START RECORDS FOR THIS EXERCISE
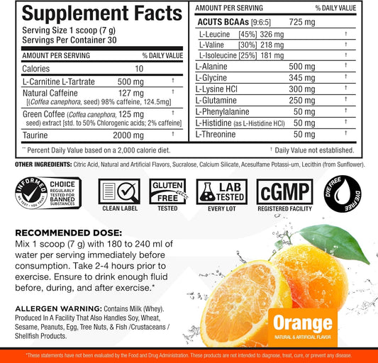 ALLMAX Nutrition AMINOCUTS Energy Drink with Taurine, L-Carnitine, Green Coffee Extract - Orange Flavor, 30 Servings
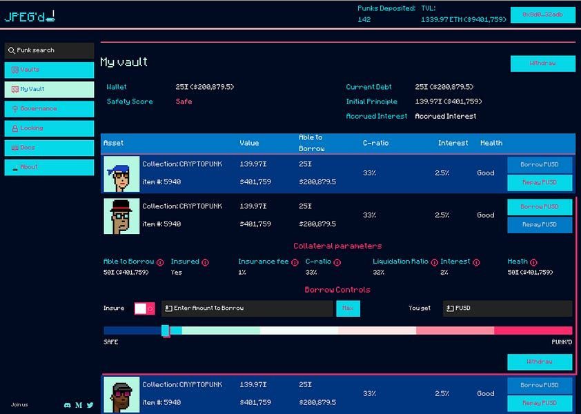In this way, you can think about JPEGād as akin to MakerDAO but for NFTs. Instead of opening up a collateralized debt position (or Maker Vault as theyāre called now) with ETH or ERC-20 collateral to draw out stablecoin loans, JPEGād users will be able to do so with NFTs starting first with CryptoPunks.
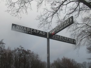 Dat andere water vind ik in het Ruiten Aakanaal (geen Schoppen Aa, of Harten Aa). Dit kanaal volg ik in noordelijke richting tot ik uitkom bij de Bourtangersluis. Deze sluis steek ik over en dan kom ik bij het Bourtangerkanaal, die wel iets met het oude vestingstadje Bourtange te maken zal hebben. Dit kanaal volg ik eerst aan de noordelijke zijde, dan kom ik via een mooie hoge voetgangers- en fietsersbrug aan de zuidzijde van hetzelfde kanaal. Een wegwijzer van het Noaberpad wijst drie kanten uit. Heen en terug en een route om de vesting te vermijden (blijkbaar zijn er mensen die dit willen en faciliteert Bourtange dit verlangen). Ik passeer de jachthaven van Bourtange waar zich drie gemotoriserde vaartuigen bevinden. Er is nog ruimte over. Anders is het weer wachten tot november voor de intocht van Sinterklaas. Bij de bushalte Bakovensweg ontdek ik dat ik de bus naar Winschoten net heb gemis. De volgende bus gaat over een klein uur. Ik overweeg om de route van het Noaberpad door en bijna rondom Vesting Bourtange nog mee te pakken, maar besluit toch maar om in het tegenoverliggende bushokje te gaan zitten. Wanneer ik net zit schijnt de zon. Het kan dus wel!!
END RECORDS FOR THIS EXERCISE
START RECORDS FOR THIS EXERCISE
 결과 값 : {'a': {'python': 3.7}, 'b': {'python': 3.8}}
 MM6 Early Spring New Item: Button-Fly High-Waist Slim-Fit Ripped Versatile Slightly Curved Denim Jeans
END RECORDS FOR THIS EXERCISE
WORK TO COMPLETE ->
The material above holds pictures; leave them out. Repeat exactly the lines from the one containing "ALLMAX Nutrition AMINOCUTS" through the one containing "In this way, you", and nothing else.

EXERCISE RESPONSE ->
 ALLMAX Nutrition AMINOCUTS Energy Drink with Taurine, L-Carnitine, Green Coffee Extract - Orange Flavor, 30 Servings
In this way, you can think about JPEGād as akin to MakerDAO but for NFTs. Instead of opening up a collateralized debt position (or Maker Vault as theyāre called now) with ETH or ERC-20 collateral to draw out stablecoin loans, JPEGād users will be able to do so with NFTs starting first with CryptoPunks.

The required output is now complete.